A best-practice service level agreement and monitoring relationship should be instigated at executive level within both organisations, reflecting its importance to both parties. A strong and transparent working partnership between the risk and compliance teams on both sides should underpin the regular cycle of audit, reporting and assurance. Look for a cloud service provider that provides visibility into your cloud resources and the associated security settings and compliance postures as well as a straight-forward means of getting the reporting you need for auditing purposes.
Chain outsourcing: Overcoming the financial sector’s Achilles heel
Outsourcing of any kind has historically been a major challenge and strictly regulated in the financial sector. In recognition of the flexible and collaborative nature of cloud service providers, the new guidance sets out the terms and processes under which chain outsourcing – a cloud provider outsourcing an element of its provision to a third party – is acceptable. As with most aspects of the guidance, strong emphasis is placed on ongoing risk management and transparency between the CSP and financial organisation. CSPs must agree to notify the financial institution should they subcontract an element of their service to another provider and must ensure that the subcontracted company meets the same standards set out in the original agreement between the CSP and its customer. Consent from the financial institution is not required, however, as this is deemed impractical. It is the responsibility of the financial organisation to determine whether the third party outsourced arrangement now constitutes unacceptable risk.

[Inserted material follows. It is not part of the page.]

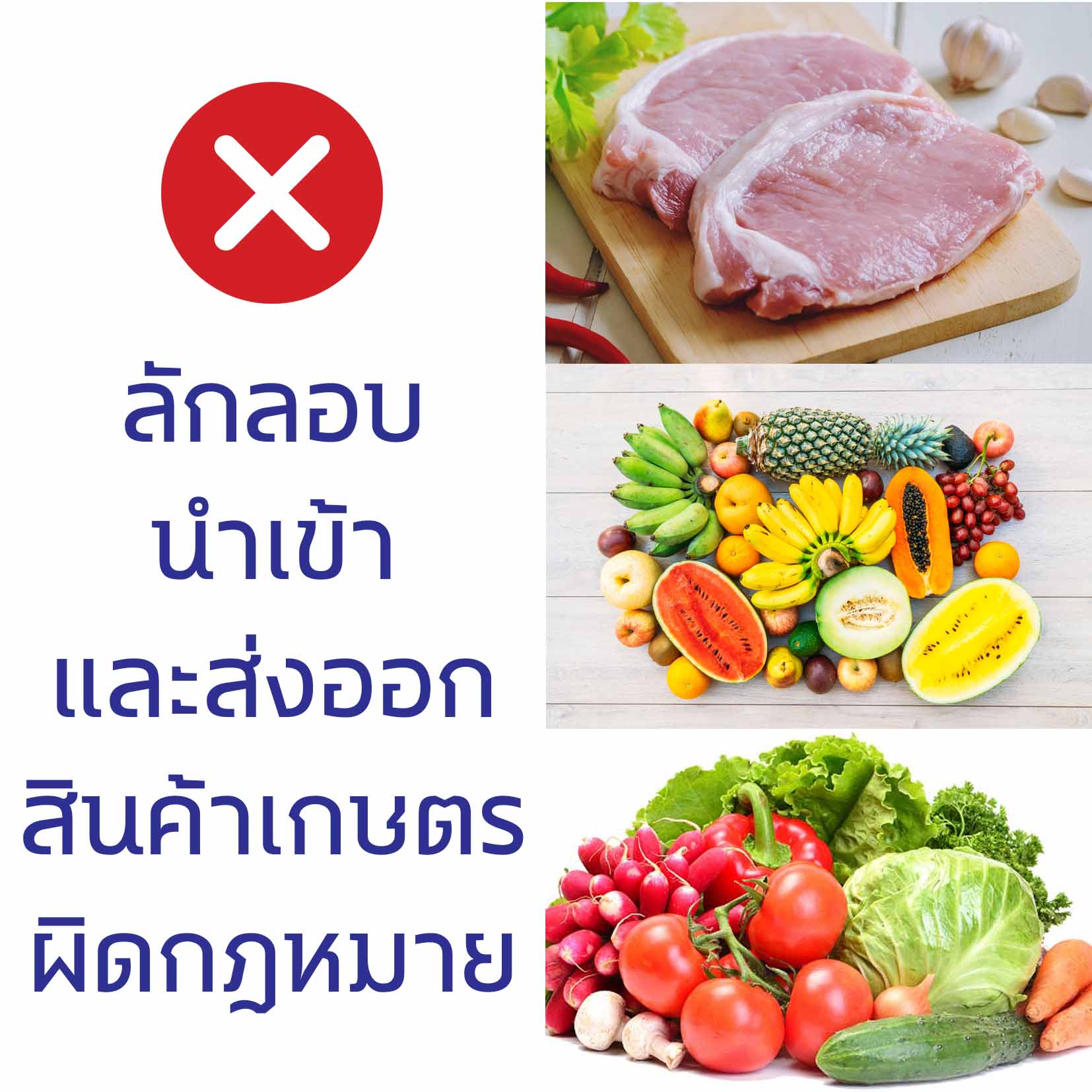 กระทรวงเกษตรและสหกรณ์มีนโยบายปราบปรามการลักลอบนำเข้าและส่งออกสินค้าเกษตรผิดกฎหมายตามแนวชายแดนช่องทางธรรมชาติ และชายแดนทะเล จึงประชาสัมพันธ์เพื่อให้ประซาชนรับทราบ และสอดส่องเพื่อป้องกันไม่ให้มีการกระทำผิดกฎหมายในพื้นที่

Throughout all aspects of the EBA guidelines it is abundantly clear that the relationship between financial organisations and their CSPs needs to be extremely close and transparent, and conducted at a senior level. Verifiable trust through certification is the linchpin of the whole relationship and the partnership will be dysfunctional (and potentially inviable) without this cornerstone in place.
In future guidance, I would like to see the EBA put more definition around the exact standards and best practices it expects to see in financial sector cloud outsourcing projects, but in their absence I hope that financial companies will discover that CSPs themselves can offer the consultative expertise needed to help them unlock the many benefits of the cloud.